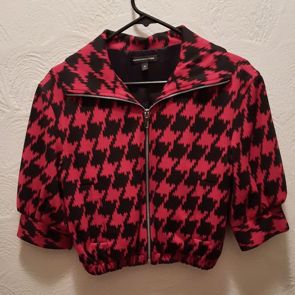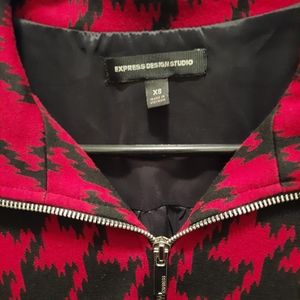 Express Jacket, Red and Black Houndstooth Print, Cropped Fit, Shorter Sleeve Length, Zip to Top of Collar, Elastic Bottom
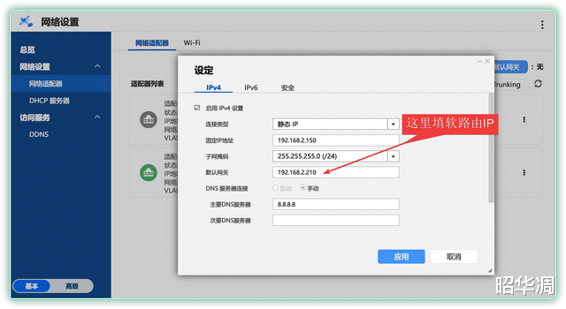 ▼利用虚拟机搭建好软路由,想让威联通上网,只需在网络设置这里选择静态地址,默认网关填入软路由的 IP 即可
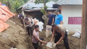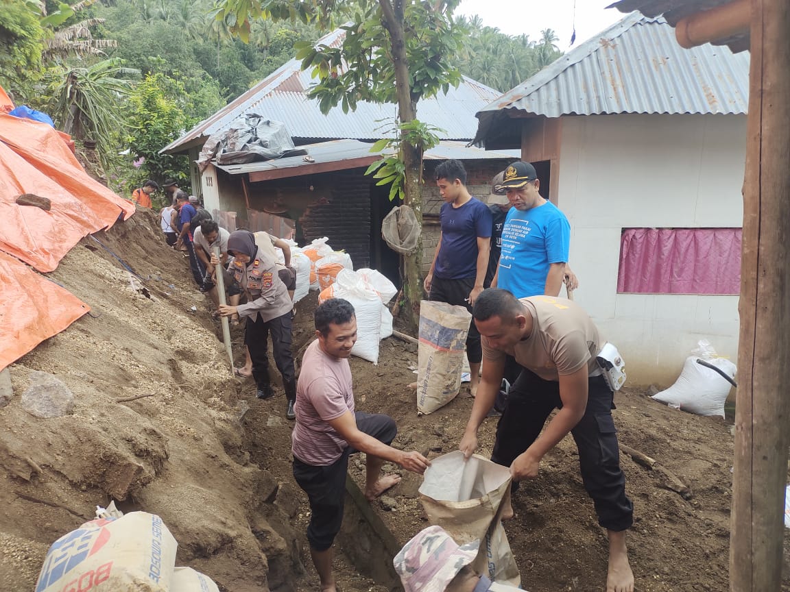 Menanggapi hal tersebut Kapolsek Gangga Iptu Henni Andriani, SH., turun langsung ke lokasi bersama anggota dan warga bergotong royong membersihkan tanah sisa longsor.
•••
▶ **What to do**: Nothing but the listing, copied exactly and stripped of its images, should appear in the response.

▶ **Expected answer**:
 Express Jacket, Red and Black Houndstooth Print, Cropped Fit, Shorter Sleeve Length, Zip to Top of Collar, Elastic Bottom
 ▼利用虚拟机搭建好软路由,想让威联通上网,只需在网络设置这里选择静态地址,默认网关填入软路由的 IP 即可
 Menanggapi hal tersebut Kapolsek Gangga Iptu Henni Andriani, SH., turun langsung ke lokasi bersama anggota dan warga bergotong royong membersihkan tanah sisa longsor.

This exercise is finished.